Benedict does make a great point about a limitation of voice in replacing applications. If you have 20 applications on your mobile device, how are you supposed to remember them all? And how to use them all with pure voice / text.

I think the answer will come from a combination of high-quality digital assistants that make quality assumptions about what you want to do (and thus require you to be explicit less often), and advances in eye-tracking that can let you make selections from options more naturally than poking glass.

But to support his point, those will be a while. If we can’t remember what all Alexa can do for us, that same problem will follow us on mobile as we try to move to voice. Icons on glass will become reminders that you have the functionality as much as anything else.

Summary

  1. Web 2.0 was the transition from links to web apps.

  2. Mobile 2.0 is the transition from poking glass to naturally expressing desires to digital assistants and bots.
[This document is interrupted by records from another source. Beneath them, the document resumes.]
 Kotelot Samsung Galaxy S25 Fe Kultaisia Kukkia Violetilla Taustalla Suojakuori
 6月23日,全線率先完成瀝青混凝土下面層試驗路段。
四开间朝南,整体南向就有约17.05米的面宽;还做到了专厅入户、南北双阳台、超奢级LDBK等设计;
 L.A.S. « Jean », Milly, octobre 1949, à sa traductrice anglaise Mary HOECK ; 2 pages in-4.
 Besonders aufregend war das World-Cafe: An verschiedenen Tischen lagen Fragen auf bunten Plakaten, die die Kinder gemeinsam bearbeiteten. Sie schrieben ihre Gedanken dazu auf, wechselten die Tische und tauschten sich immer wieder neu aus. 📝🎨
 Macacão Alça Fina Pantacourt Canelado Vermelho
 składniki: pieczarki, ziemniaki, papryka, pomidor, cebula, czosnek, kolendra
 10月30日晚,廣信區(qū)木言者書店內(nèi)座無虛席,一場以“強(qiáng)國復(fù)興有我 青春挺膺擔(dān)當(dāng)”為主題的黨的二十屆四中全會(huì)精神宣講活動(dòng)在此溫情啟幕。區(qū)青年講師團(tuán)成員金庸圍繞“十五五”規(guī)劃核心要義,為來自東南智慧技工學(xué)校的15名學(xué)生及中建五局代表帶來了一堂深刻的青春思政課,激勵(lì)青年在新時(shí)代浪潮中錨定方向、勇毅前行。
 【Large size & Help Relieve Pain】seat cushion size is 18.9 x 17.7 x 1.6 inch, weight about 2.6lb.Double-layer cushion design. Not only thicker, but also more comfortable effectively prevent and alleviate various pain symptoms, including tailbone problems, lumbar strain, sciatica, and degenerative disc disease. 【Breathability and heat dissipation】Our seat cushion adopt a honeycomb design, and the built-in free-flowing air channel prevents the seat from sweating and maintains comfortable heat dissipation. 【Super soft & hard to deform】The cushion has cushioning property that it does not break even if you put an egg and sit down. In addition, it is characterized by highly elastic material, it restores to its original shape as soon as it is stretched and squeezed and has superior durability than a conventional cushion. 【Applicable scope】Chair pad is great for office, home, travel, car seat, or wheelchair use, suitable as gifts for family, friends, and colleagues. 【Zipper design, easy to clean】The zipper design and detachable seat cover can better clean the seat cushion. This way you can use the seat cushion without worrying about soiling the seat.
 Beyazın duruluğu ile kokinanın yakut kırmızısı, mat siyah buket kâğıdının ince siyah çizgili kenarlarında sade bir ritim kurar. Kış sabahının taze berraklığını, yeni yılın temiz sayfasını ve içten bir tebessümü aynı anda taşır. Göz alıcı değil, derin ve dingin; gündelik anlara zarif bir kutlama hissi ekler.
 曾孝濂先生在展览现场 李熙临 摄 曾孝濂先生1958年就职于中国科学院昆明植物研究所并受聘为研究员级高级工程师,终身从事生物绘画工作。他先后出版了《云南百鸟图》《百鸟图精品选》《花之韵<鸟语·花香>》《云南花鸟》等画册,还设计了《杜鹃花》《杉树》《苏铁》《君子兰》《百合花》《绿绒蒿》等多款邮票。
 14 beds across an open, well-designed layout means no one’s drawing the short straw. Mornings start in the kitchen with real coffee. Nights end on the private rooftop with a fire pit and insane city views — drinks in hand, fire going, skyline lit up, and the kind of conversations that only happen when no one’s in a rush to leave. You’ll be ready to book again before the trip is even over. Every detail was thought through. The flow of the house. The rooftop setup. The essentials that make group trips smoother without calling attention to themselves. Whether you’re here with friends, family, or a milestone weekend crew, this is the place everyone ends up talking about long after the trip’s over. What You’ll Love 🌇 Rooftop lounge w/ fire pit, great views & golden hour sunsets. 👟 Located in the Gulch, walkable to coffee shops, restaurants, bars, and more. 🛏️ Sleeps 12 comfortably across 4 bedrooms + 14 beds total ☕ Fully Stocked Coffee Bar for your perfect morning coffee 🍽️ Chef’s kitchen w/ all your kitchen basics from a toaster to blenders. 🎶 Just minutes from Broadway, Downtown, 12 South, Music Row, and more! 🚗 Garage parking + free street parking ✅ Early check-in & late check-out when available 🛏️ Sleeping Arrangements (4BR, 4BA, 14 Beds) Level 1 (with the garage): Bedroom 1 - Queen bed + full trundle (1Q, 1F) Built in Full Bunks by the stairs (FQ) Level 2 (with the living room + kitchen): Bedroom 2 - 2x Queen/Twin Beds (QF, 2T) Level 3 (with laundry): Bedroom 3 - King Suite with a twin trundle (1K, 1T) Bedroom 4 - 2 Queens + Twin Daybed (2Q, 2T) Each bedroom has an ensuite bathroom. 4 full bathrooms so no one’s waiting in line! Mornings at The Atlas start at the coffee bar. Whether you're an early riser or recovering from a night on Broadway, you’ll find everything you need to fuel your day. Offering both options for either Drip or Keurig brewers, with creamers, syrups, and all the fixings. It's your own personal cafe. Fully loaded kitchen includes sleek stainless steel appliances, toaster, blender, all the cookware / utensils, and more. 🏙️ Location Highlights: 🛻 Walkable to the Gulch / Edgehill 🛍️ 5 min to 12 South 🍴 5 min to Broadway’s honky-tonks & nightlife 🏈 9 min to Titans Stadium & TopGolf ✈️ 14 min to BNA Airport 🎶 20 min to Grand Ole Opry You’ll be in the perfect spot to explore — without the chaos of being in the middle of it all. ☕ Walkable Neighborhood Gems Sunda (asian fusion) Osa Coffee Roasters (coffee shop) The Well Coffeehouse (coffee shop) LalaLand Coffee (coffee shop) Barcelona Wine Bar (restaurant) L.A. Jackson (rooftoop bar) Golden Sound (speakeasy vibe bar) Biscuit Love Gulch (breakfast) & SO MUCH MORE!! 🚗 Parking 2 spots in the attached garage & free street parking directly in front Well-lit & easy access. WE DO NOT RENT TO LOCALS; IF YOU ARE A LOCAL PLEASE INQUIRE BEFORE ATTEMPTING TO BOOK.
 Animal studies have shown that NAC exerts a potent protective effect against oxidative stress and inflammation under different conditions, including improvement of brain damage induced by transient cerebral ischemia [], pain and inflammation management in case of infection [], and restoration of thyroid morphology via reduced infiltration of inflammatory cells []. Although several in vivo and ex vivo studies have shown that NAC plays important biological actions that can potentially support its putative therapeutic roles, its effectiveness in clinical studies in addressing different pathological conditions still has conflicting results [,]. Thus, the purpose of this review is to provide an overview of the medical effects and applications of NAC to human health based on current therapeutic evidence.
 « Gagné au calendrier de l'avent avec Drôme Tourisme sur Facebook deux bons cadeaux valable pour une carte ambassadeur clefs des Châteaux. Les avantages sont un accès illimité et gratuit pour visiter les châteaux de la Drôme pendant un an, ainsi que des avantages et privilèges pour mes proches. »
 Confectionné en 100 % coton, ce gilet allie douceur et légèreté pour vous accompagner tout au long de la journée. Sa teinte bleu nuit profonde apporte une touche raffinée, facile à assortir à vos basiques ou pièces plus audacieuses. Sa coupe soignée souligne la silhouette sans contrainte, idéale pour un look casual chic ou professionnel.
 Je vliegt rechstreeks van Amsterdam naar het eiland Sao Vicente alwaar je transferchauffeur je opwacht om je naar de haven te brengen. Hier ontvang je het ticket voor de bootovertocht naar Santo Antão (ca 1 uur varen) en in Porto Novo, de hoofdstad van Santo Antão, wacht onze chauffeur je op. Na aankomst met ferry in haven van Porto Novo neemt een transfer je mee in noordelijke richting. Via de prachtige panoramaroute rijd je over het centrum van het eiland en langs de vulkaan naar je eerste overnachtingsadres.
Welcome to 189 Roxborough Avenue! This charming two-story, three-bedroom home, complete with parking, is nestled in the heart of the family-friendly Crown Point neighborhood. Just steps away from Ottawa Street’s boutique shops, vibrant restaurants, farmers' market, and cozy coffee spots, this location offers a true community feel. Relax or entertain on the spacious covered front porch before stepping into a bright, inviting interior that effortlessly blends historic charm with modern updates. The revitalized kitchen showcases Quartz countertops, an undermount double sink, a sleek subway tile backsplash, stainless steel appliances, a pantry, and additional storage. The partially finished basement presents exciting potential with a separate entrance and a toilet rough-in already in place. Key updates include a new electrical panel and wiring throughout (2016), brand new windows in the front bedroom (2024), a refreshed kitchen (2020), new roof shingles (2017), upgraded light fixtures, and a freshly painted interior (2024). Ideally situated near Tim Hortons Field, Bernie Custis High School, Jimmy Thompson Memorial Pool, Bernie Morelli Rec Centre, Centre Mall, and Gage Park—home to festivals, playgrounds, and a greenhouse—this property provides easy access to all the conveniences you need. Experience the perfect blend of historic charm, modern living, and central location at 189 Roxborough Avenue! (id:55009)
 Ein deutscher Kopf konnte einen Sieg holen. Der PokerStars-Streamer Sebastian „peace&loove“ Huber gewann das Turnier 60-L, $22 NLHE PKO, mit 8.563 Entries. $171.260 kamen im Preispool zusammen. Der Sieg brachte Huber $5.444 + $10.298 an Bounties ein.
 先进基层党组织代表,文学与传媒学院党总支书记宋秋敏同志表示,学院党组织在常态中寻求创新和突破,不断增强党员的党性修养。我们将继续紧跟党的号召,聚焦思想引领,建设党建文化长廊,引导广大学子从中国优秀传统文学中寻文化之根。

  3. Because it’s hard to remember all the different capabilities of a strong digital assistant, there will still be a use case for displaying functionality—in whatever form—at least for the foreseeable future.

Notes

  1. Even further out is the digital assistant using deep context to anticipate desires, curate choices, and otherwise remove the need for exhaustive choice selection.

  2. I love his comment about visual sensors vs. cameras, which I also talk about in my book. The idea applies to all kinds of sensors, and all kinds of machine learning algorithms. The game is sensor to algorithm. Humans looking at a snapshot is going to be extremely old thinking soon.